= Halsbury's Law Exchange =

Halsbury's Law Exchange is a legal think tank based in the United Kingdom.

== Aims and objectives ==
The think tank states that it aims to contribute to the development of law and the legal sector; to communicate ideas on reform and legal direction to decision-makers and the legal sector; and to promote debate through papers, reports, events, and media pieces. The outfit aims to examine the rule of law, the structure of the legal system, and the development of the legal sector to contribute to the development of an efficient statutory framework to comment on current legal issues that impact society, and to put forward proposals to ensure the law is just.

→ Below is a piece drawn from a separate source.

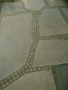 Liebevoll verlegte Polygonalplatten aus Mettener Granit, die Fugen werden durch Mosaikpflaster betont.
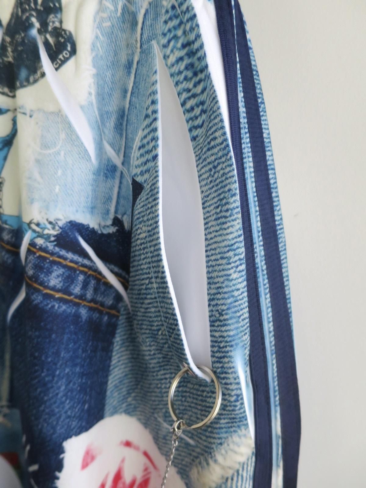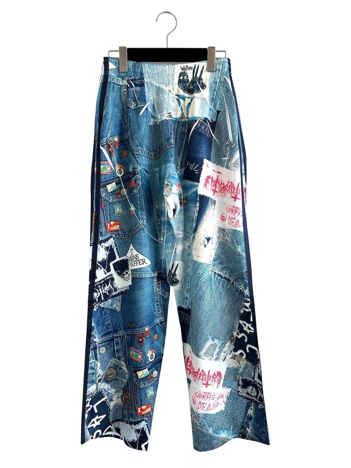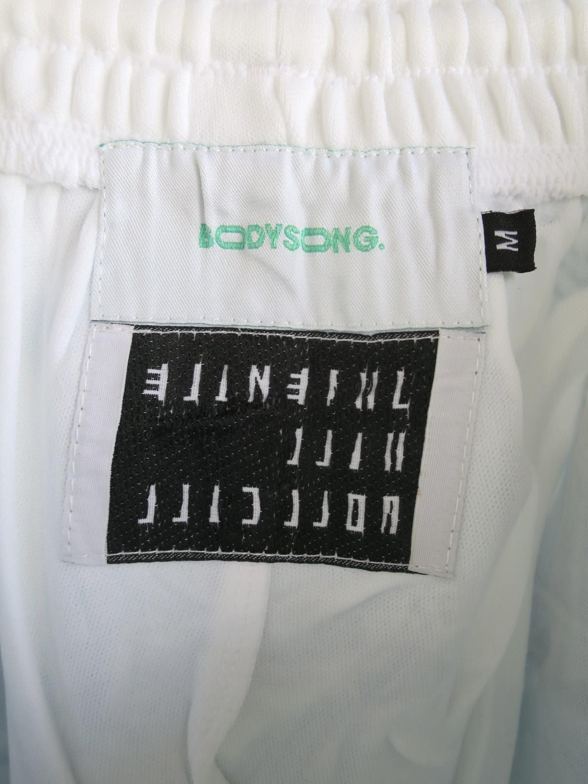 BODYSONG.のライン入りトラックパンツの縫製後にプリントを施しており、1点1点シワやプリントの入り方が異なります。

== Research and publications ==
- Environment: International environmental problems are in a legal lacuna; is an international court for the environment now an imperative?
- Corporate: Missed opportunities: did the UK miss a significant opportunity to implement important improving reforms in the recent re-write of its companies’ (legislation? Should it now be making further advances, thus parting with old traditions in favour of supporting modern corporate practices?
- Employment: A proposal for a simpler employee vetting system.
- Family: Does media access to family courts herald a new and potentially damaging era of openness in family proceedings?
- Assisted dying: Proposals to change UK law and advance some suitable conclusions for adoption in this jurisdiction.
- Sovereign immunity: A white paper questioning whether the doctrine of sovereign immunity is still appropriate.